A great information architecture (IA) tells a story, creates flow and aids discovery for the people using your products or services.
An ailing IA threatens to silence your content, prevent conversion (sales and engagement) and frustrate your users. The good news is a sick information architecture can easily be cured with early diagnosis and painless remedies.
Here are three tell-tale signs to look for and some ways to avoid the problem in the first place:
Warning sign #1. You’ve shipped your org-chart
Be mindful not to conform to Conway’s Law where organisations design systems which mirror the organisation's structure. You’ll know you’re doing this when the hot project or latest initiative get undue prominence in navigation menus. Or when you can match the words used in page labels with a department or person’s job title in the business.
Shipping the org-chart is often done inadvertently without anyone really noticing until it’s too late.
The way to remedy it is to get out of your building and meet more of your users more regularly. Listen to the words they use to describe what you offer. Open card sorting is the ideal technique to help with this. As a robust, quick and repeatable activity, it helps you find out how the people you want to use your website would organise and label the items on it to make them easy to find.

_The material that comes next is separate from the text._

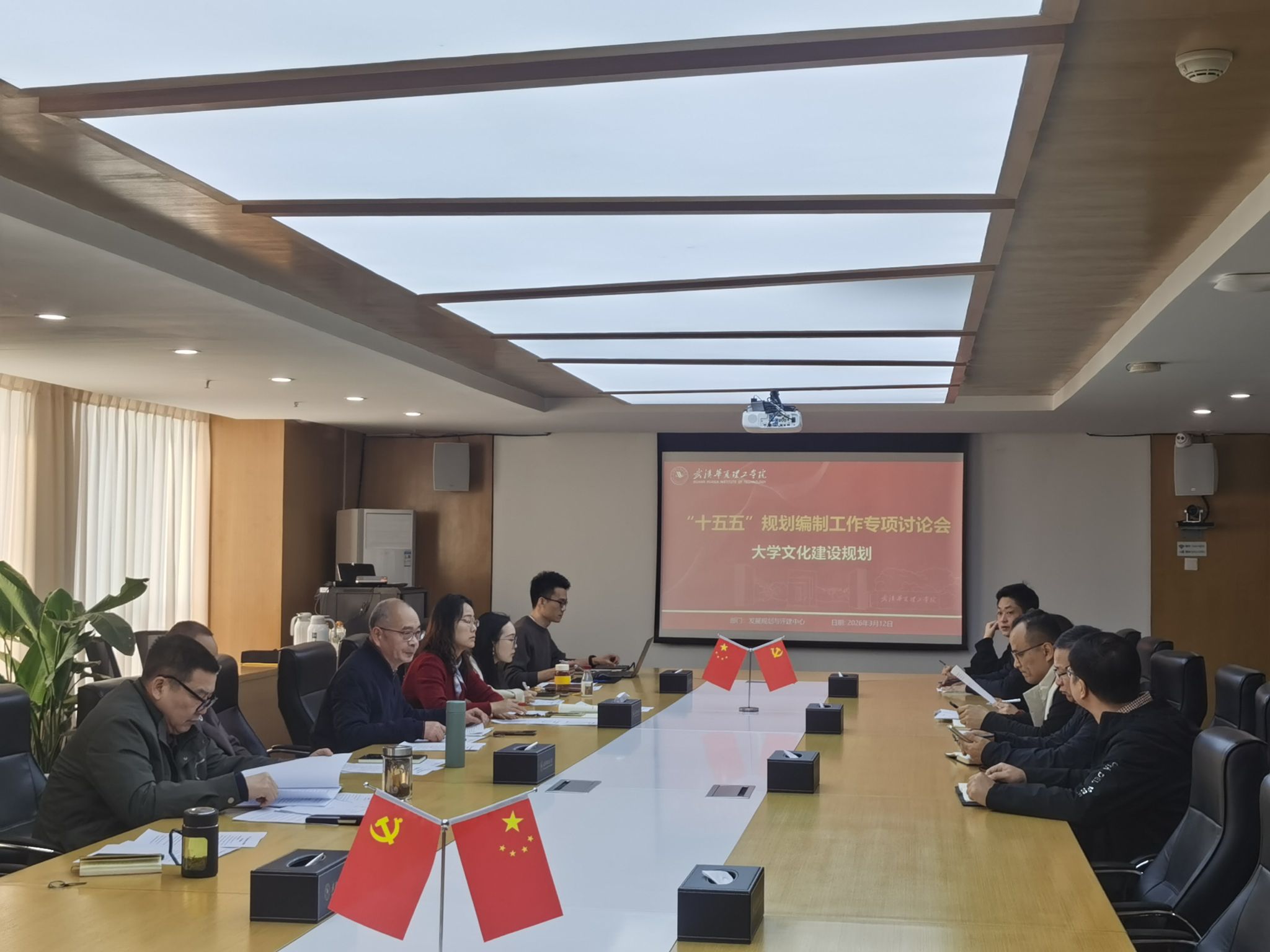 3月13日下午,学校在综合楼1401会议室召开“十五五”大学文化建设规划专题研讨会,深入研讨未来五年校园文化建设的发展蓝图。校长吴永桥,党委书记丁德智,副校长丁成忠,党委副书记、副校长李海民出席会议。发规与评建中心、党委宣传部、党政办公室、图书馆、教学督导办公室、学生工作部、团委、工会等相关部门负责人参加会议。会议由丁成忠主持。

Warning sign #2. The loudest voice trumps the considered logic
You will know this when you see it. It crops up in navigation menus that seem to have an order with the exception of a couple of prominently misplaced items. You sense it when a page is featured multiple times in multiple menus desperately calling out for you to care enough to click on it.
So many site structures reflect the egos of individuals in the business. To avoid incongruous items getting shoe-horned into your information architecture I’d look to engage stakeholders early on, to help shape their brief rather than just receiving it.
Having the principles and concepts articulated for how the site is organised helps move the request from tactical demands to a more considered strategic conversation. It’s important to change the conversation to focus on desired outcomes rather than the position within a menu. Having your content found is ultimately more valuable than appearing in the primary navigation and easy to measure and report on.
Warning sign #3. Your IA is treated as a project rather than a process
Projects feel good. There’s a crisis to deal with and all you need is to call for the cavalry to ride into town and just in the nick of time to save the day.
Your IA should never become a crisis. Unlike a project managing your IA should be an ongoing activity without an end date. After all, a healthy digital product or service never stands still with ongoing enhancements and additions to what you offer.
You know your IA is respected as a critical part of your digital operations when:
- There is a person responsible for it with defined KPIs to meet
- The process and logic for positioning and labelling pages is documented
- Time is regularly scheduled for review and attention
A great IA doesn’t happen by lucky accident. They need to be designed, iterated upon and optimised. Without care and ongoing love they quickly become overgrown and unwieldy.
How to nurture your IA
Hopefully, your information architecture doesn’t exhibit any of these three warning signs. If it does take some action to remedy the problem sooner rather than later.
If your IA is currently in good shape, then make sure you schedule your next check-up, as a thriving website is always in a state of change. To keep it healthy requires considered processes and ongoing attention.